(Dataset records)

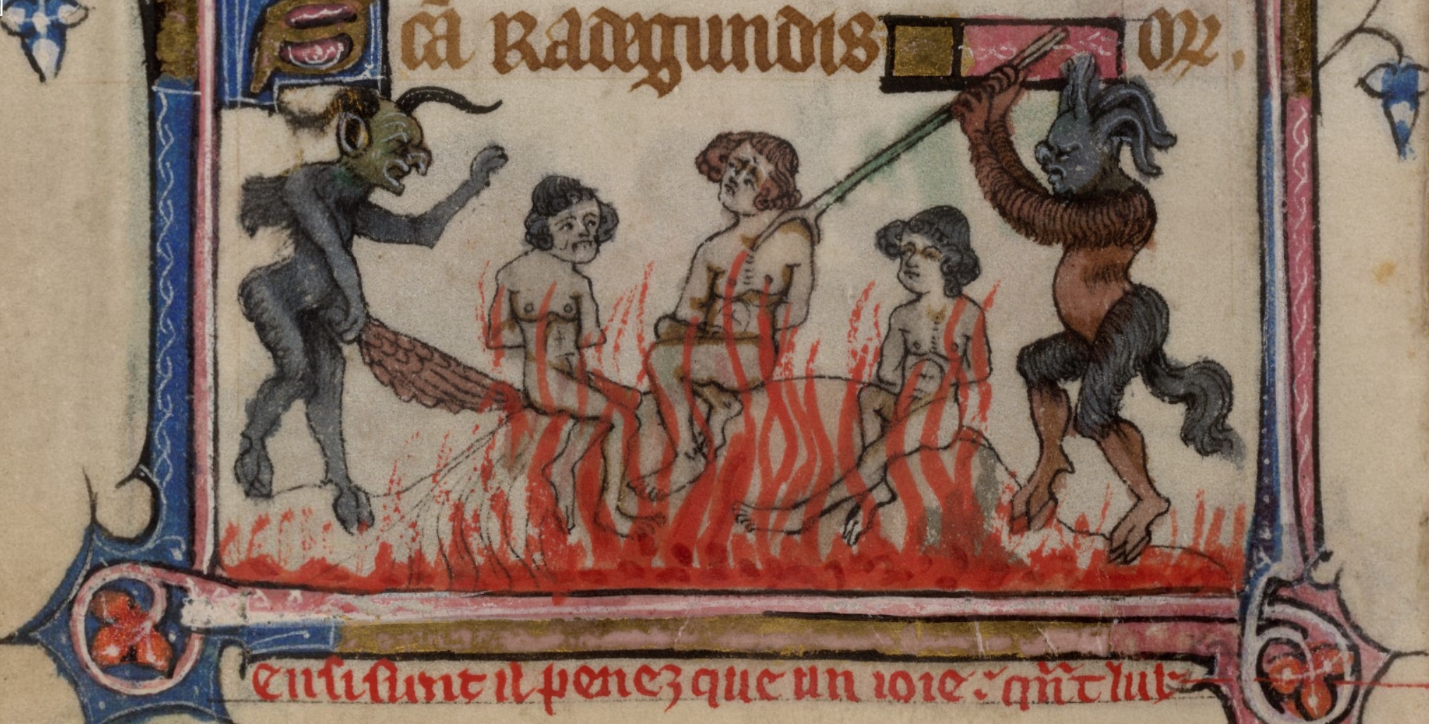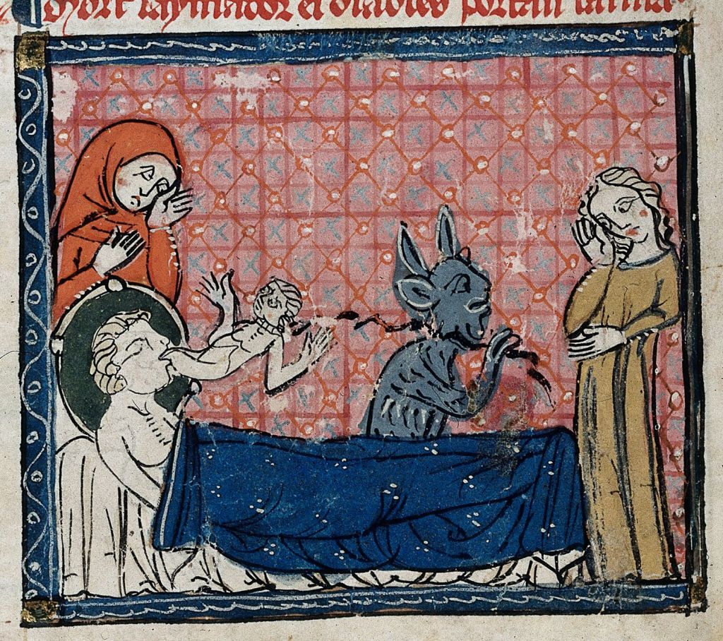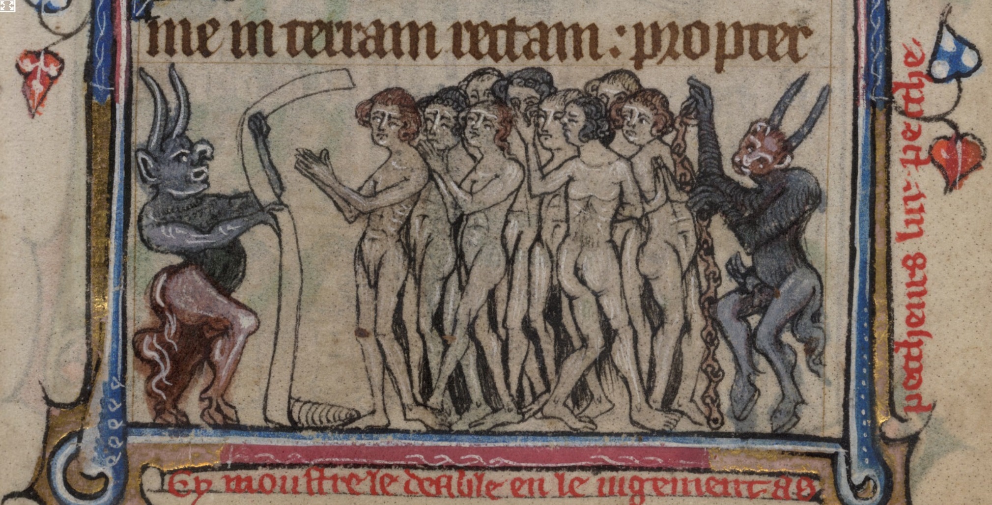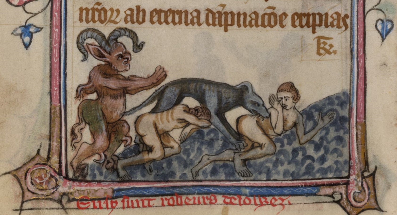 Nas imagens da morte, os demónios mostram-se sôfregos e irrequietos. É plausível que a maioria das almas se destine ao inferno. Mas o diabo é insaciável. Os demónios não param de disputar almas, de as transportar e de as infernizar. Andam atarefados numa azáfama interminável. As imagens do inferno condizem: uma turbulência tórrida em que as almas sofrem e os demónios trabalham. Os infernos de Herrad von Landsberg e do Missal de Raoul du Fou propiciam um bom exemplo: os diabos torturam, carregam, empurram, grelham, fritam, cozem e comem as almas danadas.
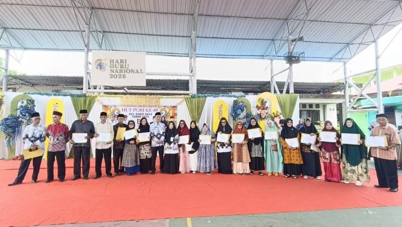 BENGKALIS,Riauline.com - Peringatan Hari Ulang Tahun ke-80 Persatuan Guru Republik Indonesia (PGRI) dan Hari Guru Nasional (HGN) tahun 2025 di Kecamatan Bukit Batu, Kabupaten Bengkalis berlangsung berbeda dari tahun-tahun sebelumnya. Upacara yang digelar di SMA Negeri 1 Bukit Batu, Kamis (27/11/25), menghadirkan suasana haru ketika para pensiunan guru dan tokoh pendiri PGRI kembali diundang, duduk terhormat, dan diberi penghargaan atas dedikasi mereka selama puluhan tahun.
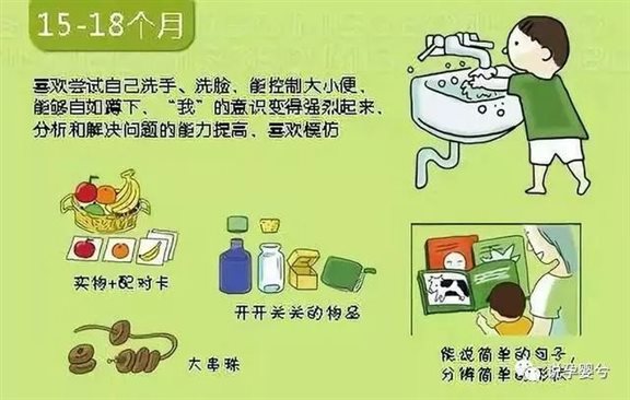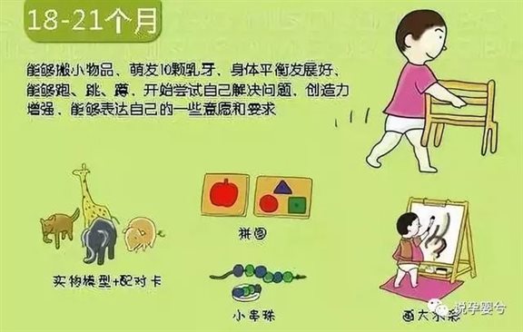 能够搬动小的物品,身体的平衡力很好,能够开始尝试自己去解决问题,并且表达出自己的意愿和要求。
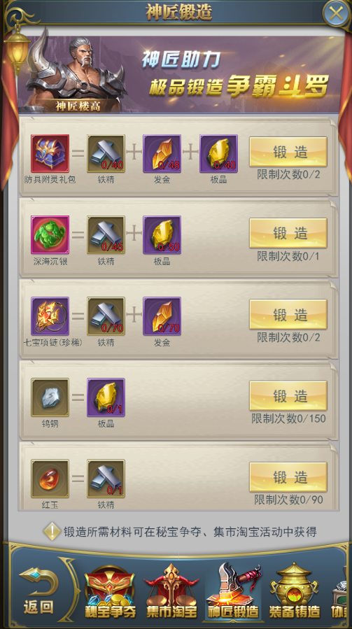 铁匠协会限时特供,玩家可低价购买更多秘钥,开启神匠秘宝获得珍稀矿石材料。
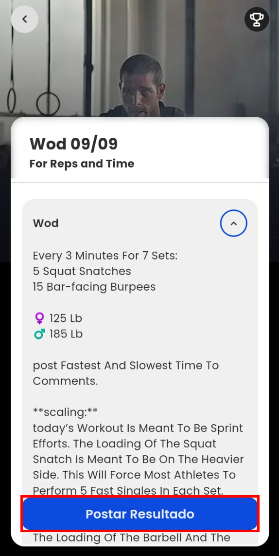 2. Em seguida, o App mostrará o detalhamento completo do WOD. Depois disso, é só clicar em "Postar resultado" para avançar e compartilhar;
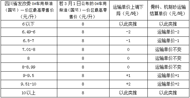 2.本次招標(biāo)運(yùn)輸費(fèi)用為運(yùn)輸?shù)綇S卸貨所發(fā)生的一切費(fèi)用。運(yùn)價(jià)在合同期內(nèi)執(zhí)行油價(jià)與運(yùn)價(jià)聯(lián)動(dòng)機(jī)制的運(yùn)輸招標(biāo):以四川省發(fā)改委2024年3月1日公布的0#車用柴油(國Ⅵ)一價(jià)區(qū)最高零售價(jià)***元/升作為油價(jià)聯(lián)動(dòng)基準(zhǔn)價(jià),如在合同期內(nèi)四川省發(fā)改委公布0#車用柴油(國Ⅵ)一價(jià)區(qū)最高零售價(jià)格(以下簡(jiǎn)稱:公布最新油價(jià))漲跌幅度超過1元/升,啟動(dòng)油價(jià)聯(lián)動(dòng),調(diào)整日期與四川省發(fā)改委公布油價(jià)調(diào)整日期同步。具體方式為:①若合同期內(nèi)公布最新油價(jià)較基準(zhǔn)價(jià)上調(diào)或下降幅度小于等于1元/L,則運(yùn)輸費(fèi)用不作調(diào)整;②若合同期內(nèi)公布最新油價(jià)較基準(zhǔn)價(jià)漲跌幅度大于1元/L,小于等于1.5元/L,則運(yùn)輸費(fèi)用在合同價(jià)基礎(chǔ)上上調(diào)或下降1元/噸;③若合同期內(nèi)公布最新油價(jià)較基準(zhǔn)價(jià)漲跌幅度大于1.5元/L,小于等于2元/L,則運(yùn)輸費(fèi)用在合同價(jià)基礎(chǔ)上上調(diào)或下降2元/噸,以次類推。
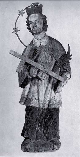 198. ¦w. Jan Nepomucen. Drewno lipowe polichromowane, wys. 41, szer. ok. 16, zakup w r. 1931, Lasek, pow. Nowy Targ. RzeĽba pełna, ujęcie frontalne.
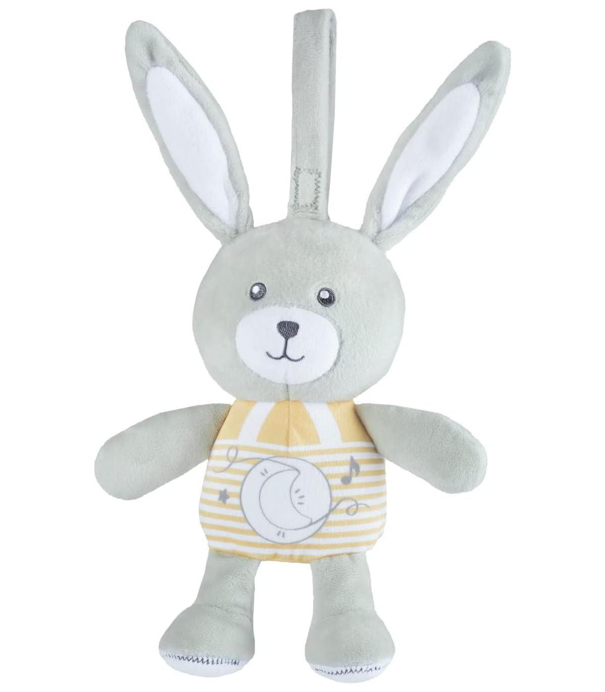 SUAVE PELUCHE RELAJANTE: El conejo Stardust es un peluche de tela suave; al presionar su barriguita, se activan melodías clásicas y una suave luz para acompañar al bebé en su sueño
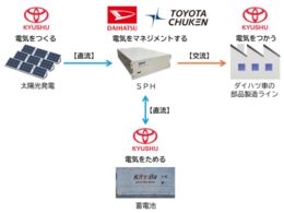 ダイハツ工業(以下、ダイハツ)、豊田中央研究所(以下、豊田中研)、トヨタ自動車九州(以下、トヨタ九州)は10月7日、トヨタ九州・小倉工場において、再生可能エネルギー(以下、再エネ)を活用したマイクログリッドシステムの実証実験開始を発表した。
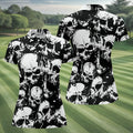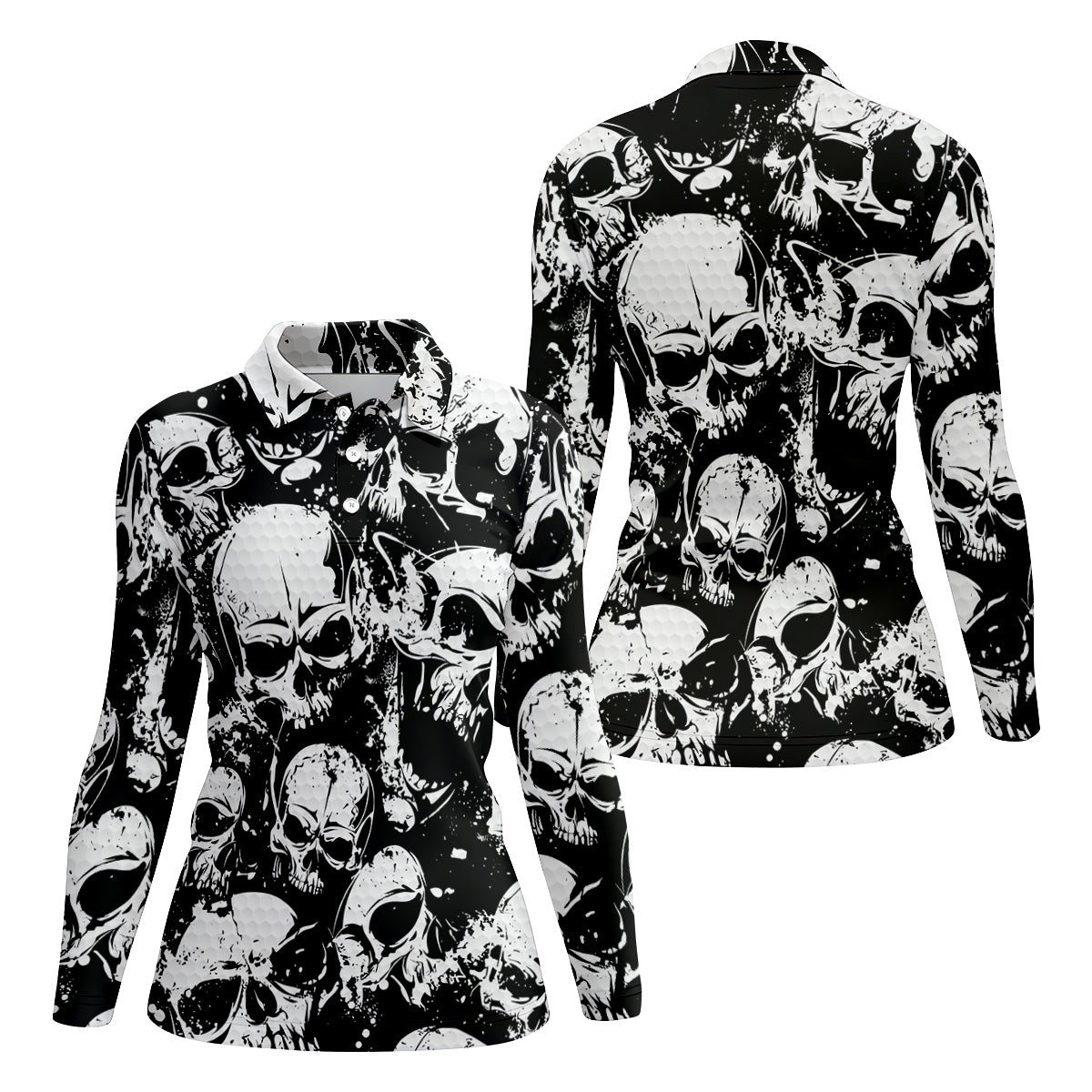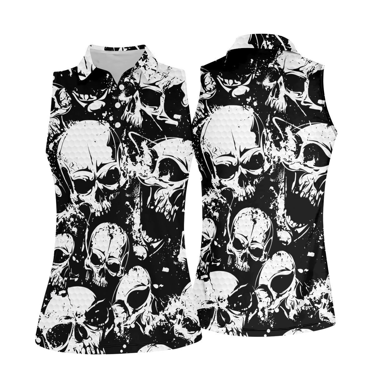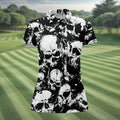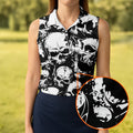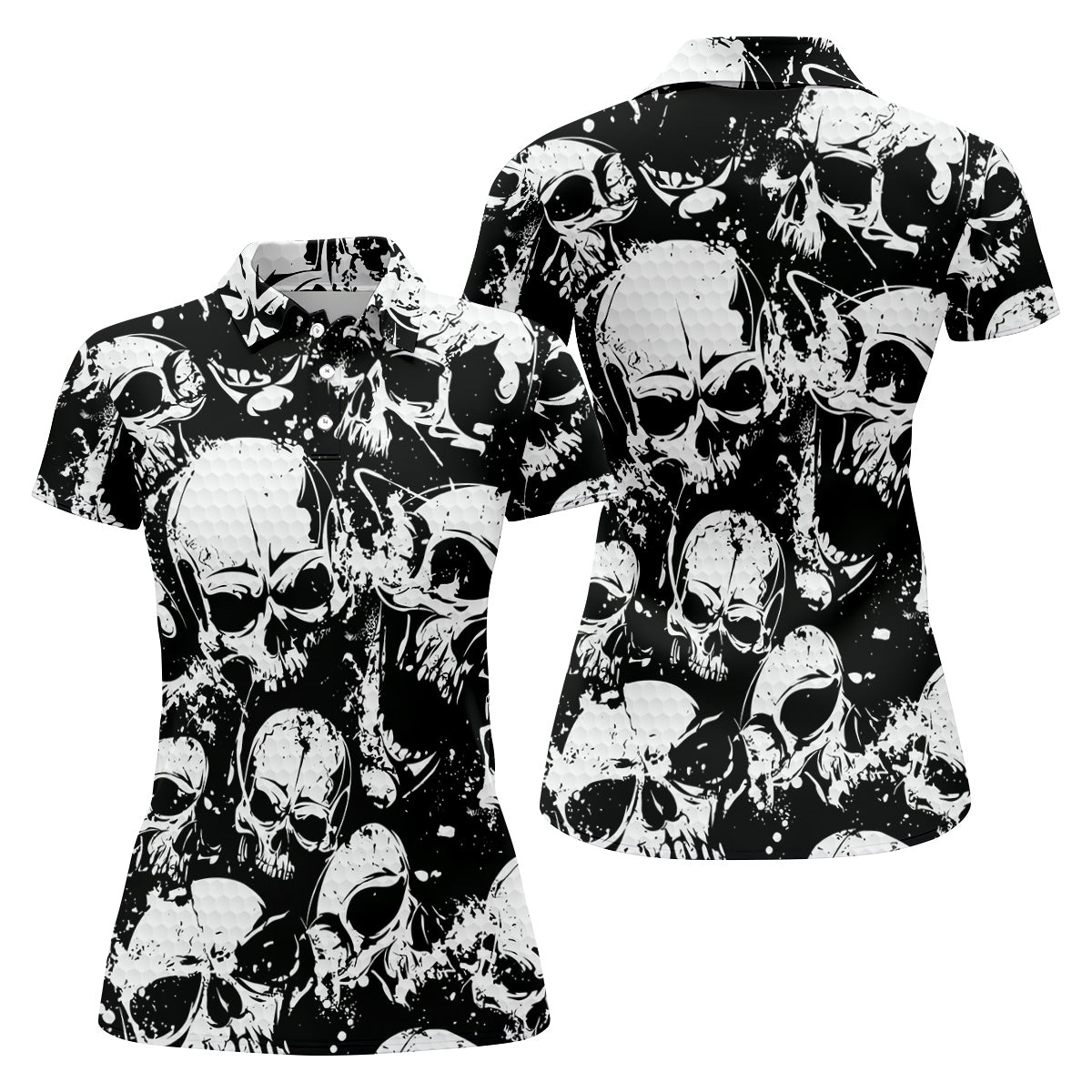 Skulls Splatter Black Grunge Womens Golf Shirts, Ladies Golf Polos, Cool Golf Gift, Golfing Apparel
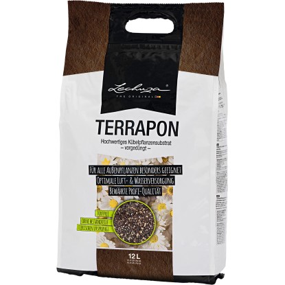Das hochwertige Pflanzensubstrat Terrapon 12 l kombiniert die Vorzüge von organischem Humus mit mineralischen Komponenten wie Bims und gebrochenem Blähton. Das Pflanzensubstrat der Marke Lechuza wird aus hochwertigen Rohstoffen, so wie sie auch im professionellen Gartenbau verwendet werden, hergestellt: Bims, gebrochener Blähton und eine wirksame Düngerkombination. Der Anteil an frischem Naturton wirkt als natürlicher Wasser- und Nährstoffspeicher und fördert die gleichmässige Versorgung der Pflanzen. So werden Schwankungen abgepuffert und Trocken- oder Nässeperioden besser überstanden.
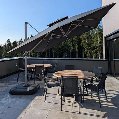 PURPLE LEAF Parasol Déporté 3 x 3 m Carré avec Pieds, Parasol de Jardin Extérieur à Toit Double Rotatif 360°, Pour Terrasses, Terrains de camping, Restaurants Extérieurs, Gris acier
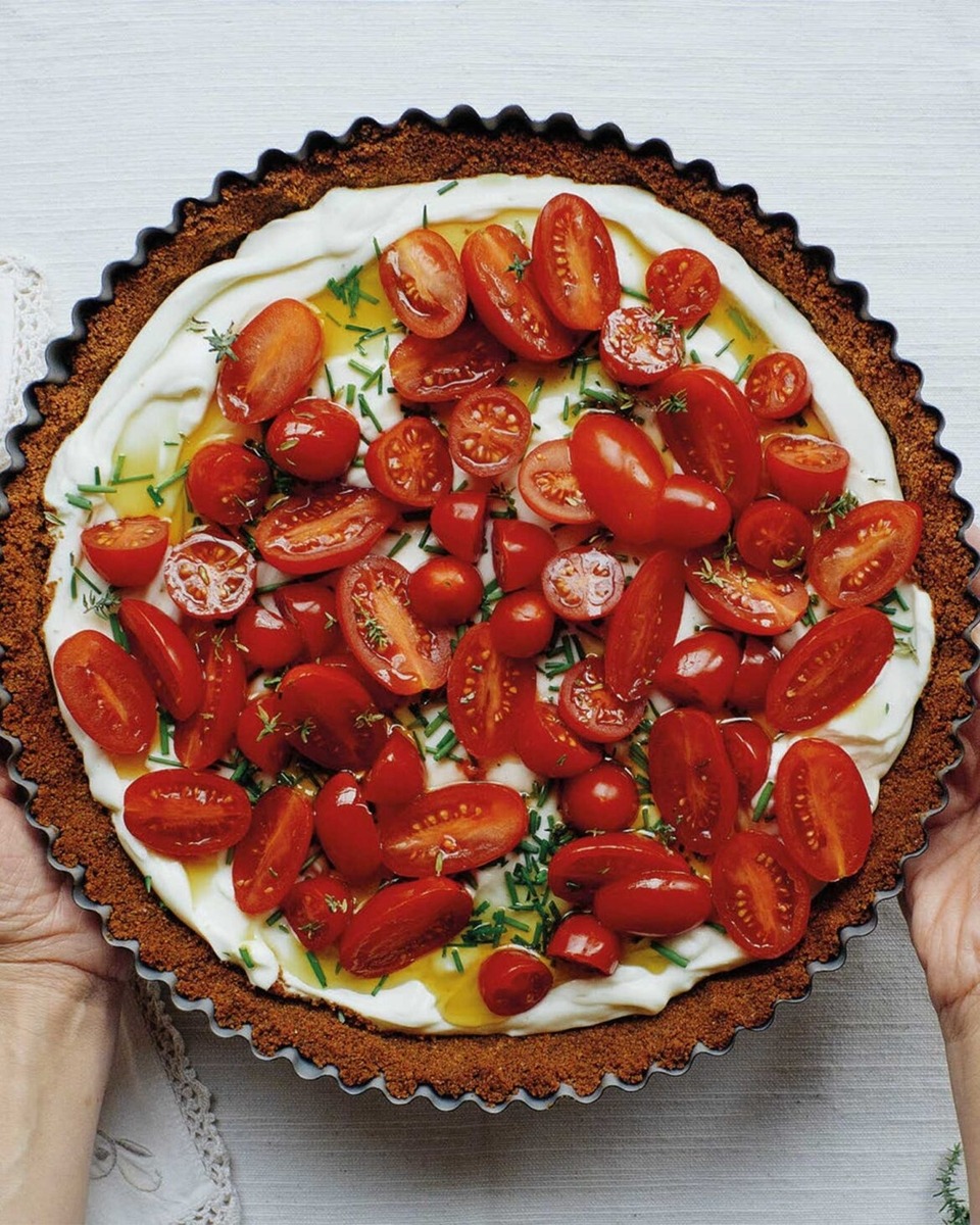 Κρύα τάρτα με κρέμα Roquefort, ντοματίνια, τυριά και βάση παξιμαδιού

To do =>
Without the pictures, give the entries above back exactly.

Response area =>
 Nas imagens da morte, os demónios mostram-se sôfregos e irrequietos. É plausível que a maioria das almas se destine ao inferno. Mas o diabo é insaciável. Os demónios não param de disputar almas, de as transportar e de as infernizar. Andam atarefados numa azáfama interminável. As imagens do inferno condizem: uma turbulência tórrida em que as almas sofrem e os demónios trabalham. Os infernos de Herrad von Landsberg e do Missal de Raoul du Fou propiciam um bom exemplo: os diabos torturam, carregam, empurram, grelham, fritam, cozem e comem as almas danadas.
 BENGKALIS,Riauline.com - Peringatan Hari Ulang Tahun ke-80 Persatuan Guru Republik Indonesia (PGRI) dan Hari Guru Nasional (HGN) tahun 2025 di Kecamatan Bukit Batu, Kabupaten Bengkalis berlangsung berbeda dari tahun-tahun sebelumnya. Upacara yang digelar di SMA Negeri 1 Bukit Batu, Kamis (27/11/25), menghadirkan suasana haru ketika para pensiunan guru dan tokoh pendiri PGRI kembali diundang, duduk terhormat, dan diberi penghargaan atas dedikasi mereka selama puluhan tahun.
 能够搬动小的物品,身体的平衡力很好,能够开始尝试自己去解决问题,并且表达出自己的意愿和要求。
 铁匠协会限时特供,玩家可低价购买更多秘钥,开启神匠秘宝获得珍稀矿石材料。
 2. Em seguida, o App mostrará o detalhamento completo do WOD. Depois disso, é só clicar em "Postar resultado" para avançar e compartilhar;
 2.本次招標(biāo)運(yùn)輸費(fèi)用為運(yùn)輸?shù)綇S卸貨所發(fā)生的一切費(fèi)用。運(yùn)價(jià)在合同期內(nèi)執(zhí)行油價(jià)與運(yùn)價(jià)聯(lián)動(dòng)機(jī)制的運(yùn)輸招標(biāo):以四川省發(fā)改委2024年3月1日公布的0#車用柴油(國Ⅵ)一價(jià)區(qū)最高零售價(jià)***元/升作為油價(jià)聯(lián)動(dòng)基準(zhǔn)價(jià),如在合同期內(nèi)四川省發(fā)改委公布0#車用柴油(國Ⅵ)一價(jià)區(qū)最高零售價(jià)格(以下簡(jiǎn)稱:公布最新油價(jià))漲跌幅度超過1元/升,啟動(dòng)油價(jià)聯(lián)動(dòng),調(diào)整日期與四川省發(fā)改委公布油價(jià)調(diào)整日期同步。具體方式為:①若合同期內(nèi)公布最新油價(jià)較基準(zhǔn)價(jià)上調(diào)或下降幅度小于等于1元/L,則運(yùn)輸費(fèi)用不作調(diào)整;②若合同期內(nèi)公布最新油價(jià)較基準(zhǔn)價(jià)漲跌幅度大于1元/L,小于等于1.5元/L,則運(yùn)輸費(fèi)用在合同價(jià)基礎(chǔ)上上調(diào)或下降1元/噸;③若合同期內(nèi)公布最新油價(jià)較基準(zhǔn)價(jià)漲跌幅度大于1.5元/L,小于等于2元/L,則運(yùn)輸費(fèi)用在合同價(jià)基礎(chǔ)上上調(diào)或下降2元/噸,以次類推。
 198. ¦w. Jan Nepomucen. Drewno lipowe polichromowane, wys. 41, szer. ok. 16, zakup w r. 1931, Lasek, pow. Nowy Targ. RzeĽba pełna, ujęcie frontalne.
 SUAVE PELUCHE RELAJANTE: El conejo Stardust es un peluche de tela suave; al presionar su barriguita, se activan melodías clásicas y una suave luz para acompañar al bebé en su sueño
 ダイハツ工業(以下、ダイハツ)、豊田中央研究所(以下、豊田中研)、トヨタ自動車九州(以下、トヨタ九州)は10月7日、トヨタ九州・小倉工場において、再生可能エネルギー(以下、再エネ)を活用したマイクログリッドシステムの実証実験開始を発表した。
 Skulls Splatter Black Grunge Womens Golf Shirts, Ladies Golf Polos, Cool Golf Gift, Golfing Apparel
Das hochwertige Pflanzensubstrat Terrapon 12 l kombiniert die Vorzüge von organischem Humus mit mineralischen Komponenten wie Bims und gebrochenem Blähton. Das Pflanzensubstrat der Marke Lechuza wird aus hochwertigen Rohstoffen, so wie sie auch im professionellen Gartenbau verwendet werden, hergestellt: Bims, gebrochener Blähton und eine wirksame Düngerkombination. Der Anteil an frischem Naturton wirkt als natürlicher Wasser- und Nährstoffspeicher und fördert die gleichmässige Versorgung der Pflanzen. So werden Schwankungen abgepuffert und Trocken- oder Nässeperioden besser überstanden.
 PURPLE LEAF Parasol Déporté 3 x 3 m Carré avec Pieds, Parasol de Jardin Extérieur à Toit Double Rotatif 360°, Pour Terrasses, Terrains de camping, Restaurants Extérieurs, Gris acier
 Κρύα τάρτα με κρέμα Roquefort, ντοματίνια, τυριά και βάση παξιμαδιού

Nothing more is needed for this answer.